Et si nous lisions une énigme de Toni Morrison ?

Dans cette nouvelle, Toni Morrison nous propose une réflexion brillante autour de l’identité.

Lorsqu’elles se rencontrent, Twyla et Roberta ont à peine huit ans. Elles ont été recueillies et vivent dans un orphelinat. Si l’une est blanche et l’autre noire, elles partagent toutes les deux un même destin tragique. Durant leur séjour, elles vont se lier d’amitié et devenir inséparables.

Lorsqu’elles quittent le foyer, elles vont prendre des chemins différents. Pourtant au fil des années, Twyla et Roberta vont se recroiser à plusieurs reprises. Elles constatent alors le chemin parcouru et se remémorent cette enfance partagée. Ces rencontres feront-elles surgir des souvenirs enfouis ?

Avec un style brillant, Toni Morrison nous interroge sur nos préjugés et notre vision du monde. Avec espièglerie, elle piège son lecteur qui ne parviendra jamais véritablement à discerner l’identité de Twyla et Roberta et leur couleur de peau respective. Avec une postface passionnante de Zadie Smith qui permet d’éclairer ce texte, j’ai été conquise par cette nouvelle au style ciselé et corrosif.

Ma note

Note : 4 sur 5.

Citations

« Difficile de quitter un terrain de souffrance pour « passer à autre chose » si cette souffrance n’est pas reconnue ni décrite ».

« On ne s’aimait pas tant que ça, au début, mais personne d’autre ne voulait jouer avec nous parce qu’on n’était pas de vraies orphelines avec des parents beaux, morts et au ciel. Nous, on avait été abandonnées. Même les Portoricains de New York et les Indiens du Nord nous ignoraient ».

La douceur de l’eau – Nathan Harris (2022)

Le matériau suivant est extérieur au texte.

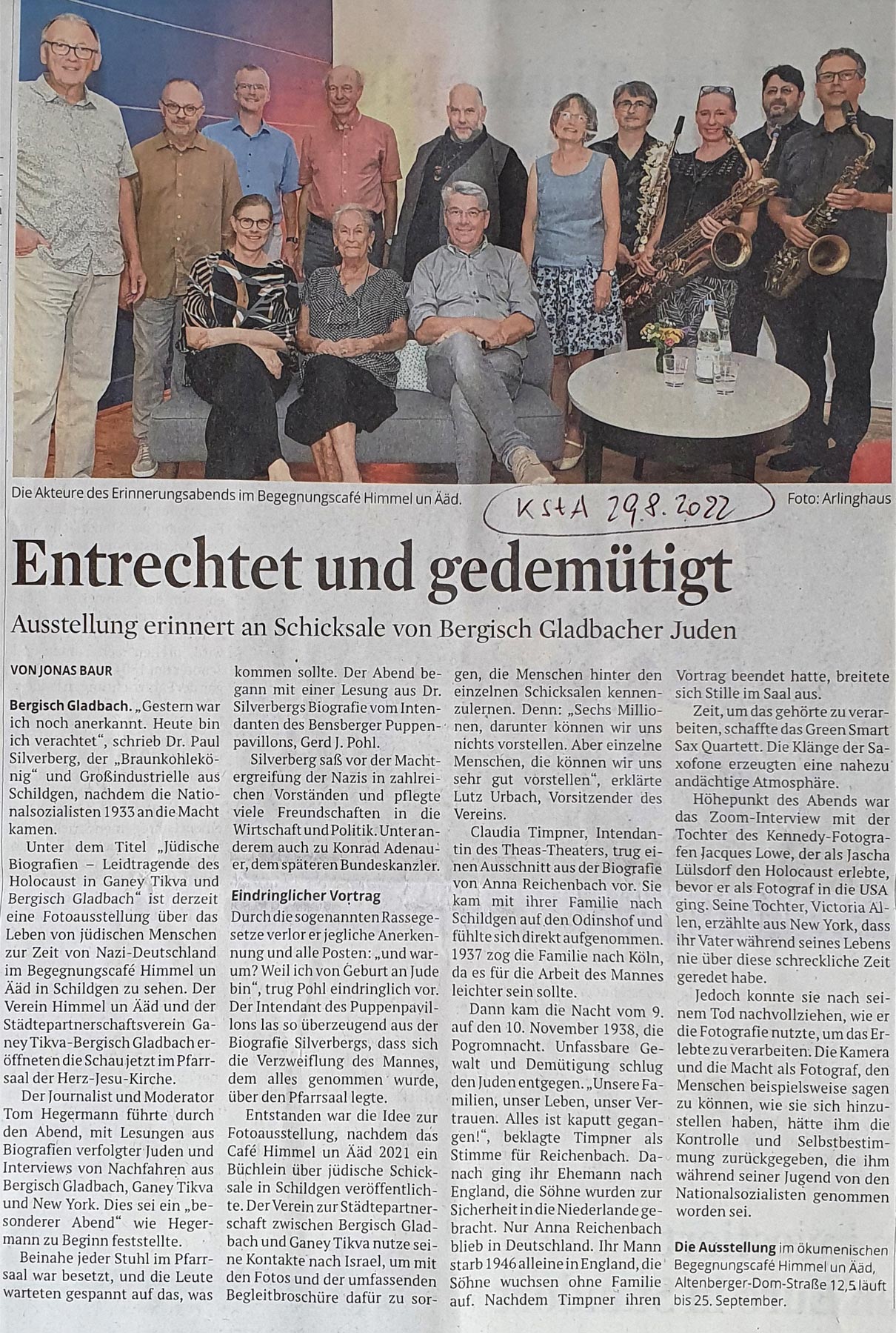 Danke Tom Hegermann, danke Claudia Timpner und Gerd Pohl für die ins Mark gehenden Lesebeiträge, danke dem Green Smart Sax Quartett, danke Ursula Völkner für das sehr persönliche Interview über ihren in Theresienstadt ermordeten Großvater Dr. Erich Deutsch aus Schildgen, danke Victoria Allen (Tochter von Jascha Lülsdorf/Jaques Lowe) in New York und Ruthy Vortrefflich (Tochter von David und Martha Vortrefflich) in Ganey Tikva für die Live-Online-Interviews in unsere Veranstaltung.
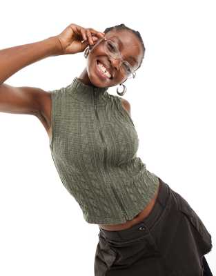 COLLUSION cable knit zip through funnel vest in khaki
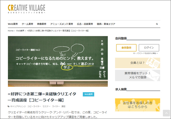 クリエイター育成を行っているクリーク・アンド・リバー社主催で行われる、現役で活躍するライターを講師に招いた人気の講座。講座では、コピーライティングの基礎から、応用として実践型のワークショップが行われる。コピーライター向けの内容にはなっているが、Web制作においても応用として役立つことも多い。いずれにしても、コピーライティングはWeb制作のひとつでもあるので、クリエイターとして知っておいて損はないだろう。
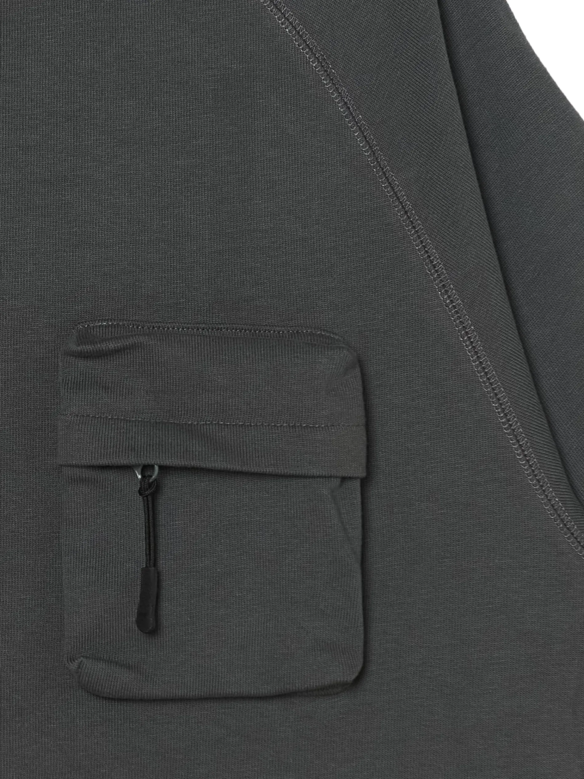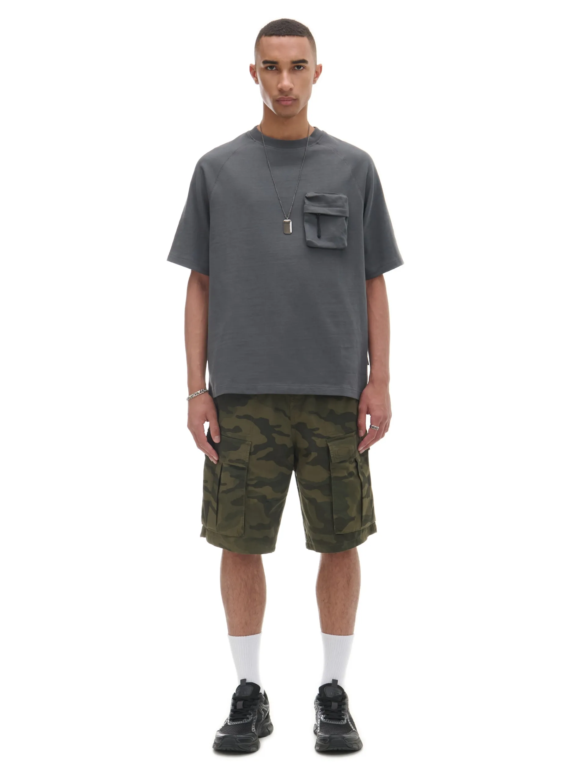 T-shirt męski w kolorze szarym, uszyty z bawełnianego materiału. Wyróżnikiem tego modelu jest kieszonka typu cargo na przodzie zapinana na zamek. 100% bawełny wygodny krój comfort krótkie, raglanowe rękawy półokrągły dekolt ze ściągaczem kieszeń piersiowa z krytym zamkiem Wzrost modela: 185 cm
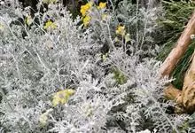 银叶菊,是菊科疆千里光属多年生草本植物。银叶菊的茎灰白色,植株多分枝;叶回羽状裂,正反面均被银白色柔毛;头状花序集成伞房花序,舌状花小,金黄色,管状花褐黄色;花期为6-9月。银叶菊原产于地中海沿岸地区,…全部>>
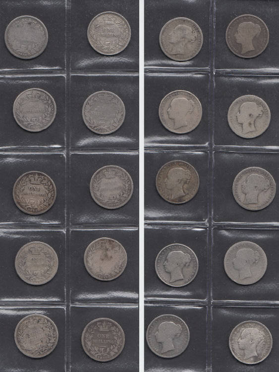Great Britain: Ten SILVER Shillings of the Young Head Queen Victoria
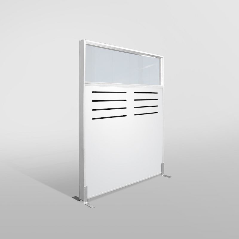 Skärmvägg Silence, med glasöverdel, 1000x1500 mm, tyg-glas /trä-glas, ljusgrå, björk. Det naturliga valet när design, kvalitet, ljudabsorption och flexibilitet får avgöra!
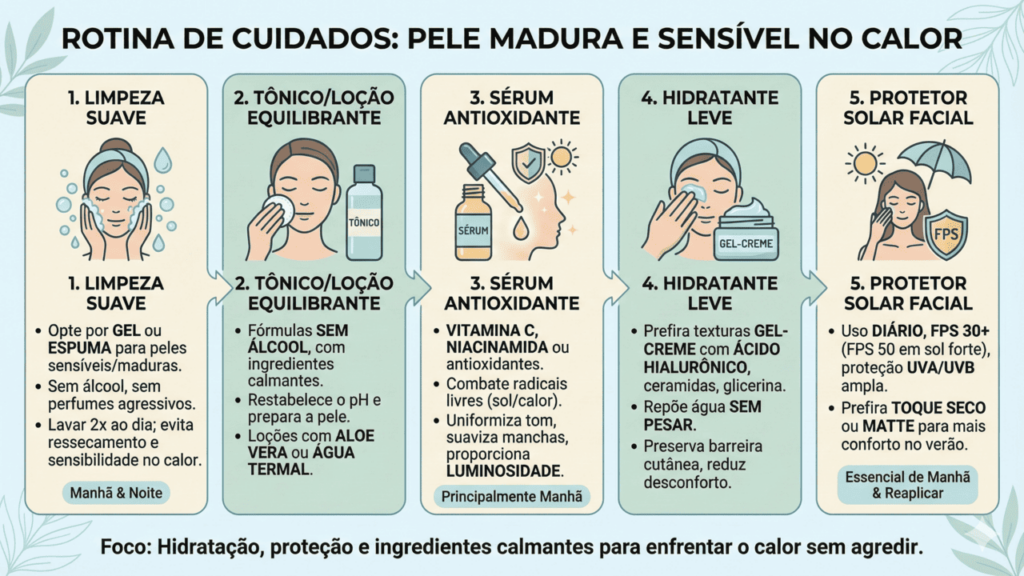 A pele madura sofre mais no calor por perda de colágeno, sensibilidade e variação de oleosidade. Rotina leve com limpeza suave, antioxidantes, hidratação em gel, protetor solar e hábitos diários reduz manchas, desconforto e vermelhidão.
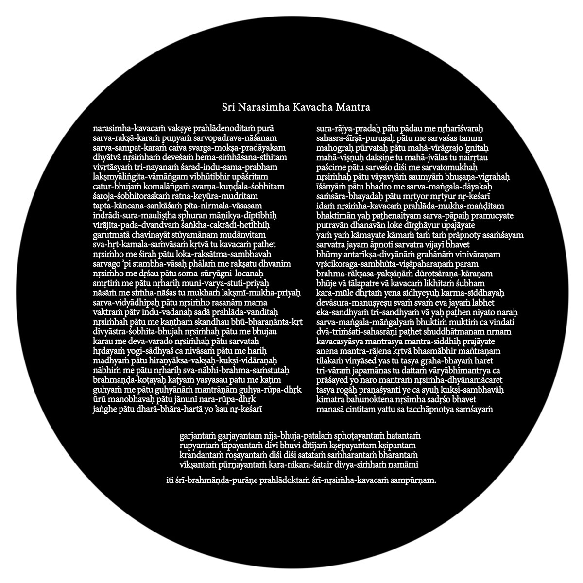 Lord Narasimha is the fourth incarnation of Lord Vishnu. Narasimha means half man half lion, Nara means Human and Simha means Lion. Lord Narasimha appeared in this form to protect his devotee Prahlad from his father, Hiranyakashipu. Kavacha means Shield of Armour. Thus the Kavacha Strotram is a prayer that is offered to the Lord by Prahlad for protection.

Et si nous suivions une quête vers l’émancipation ?

Dans ce premier roman, Nathan Harris nous propose une immersion au lendemain de la guerre de Sécession. Au coeur de la Géorgie, dans la petite ville de Old Ox, Landry et Prentiss connaissent la liberté. Ils viennent d’être émancipés par les soldats unionistes et peuvent enfin se libérer de leur maître et quitter la plantation de Ted Morton.

S’ils ne sont plus asservis, l’avenir des deux frères reste incertain. Le pays n’offre aucun travail pour les anciens esclaves. Ils se réfugient en forêt et rencontrent le propriétaire des terres voisines de leur ancienne plantation, George Walker. Ravagé par la douleur et la mélancolie, George se lie d’amitié avec les deux frères et leur propose un travail. Récemment affranchis, Landry et Prentiss se montrent d’abord méfiants et redoutent une nouvelle servitude. Ils finissent par accepter cette proposition inespérée mais le retour de Caleb, le fils de George, bouleversera leur destin. Pourront-ils enfin accéder à la liberté ?

Cette fresque américaine réussie dresse le portrait de personnages intenses et déchirés par leurs contradictions. Avec une belle maîtrise, Nathan Harris parvient à nous plonger dans une intrigue pleine de rebondissements mêlant violence et fraternité. J’ai apprécié ce roman profondément humain qui nous interroge sur le prix de la liberté.

Ma note

Note : 3.5 sur 5.

Citation

« Réunis au départ par une passion partagée pour l’indépendance, la capacité de traverser une grande partie de la journée en silence, ils avaient, pour exprimer leurs sentiments, seulement l’échange de regards et d’effleurements. Ainsi le lien qui les unissait s’était solidifié au fil des années, mais si ce lien était peu enclin à plier, il présentait néanmoins un point de faiblesse, un seul, du fait que son existence même était pour eux une source d’embarras. Ils étaient deux à prétendre n’avoir besoin de personne et voilà à présent qu’ils avaient désespérément besoin l’un de l’autre ».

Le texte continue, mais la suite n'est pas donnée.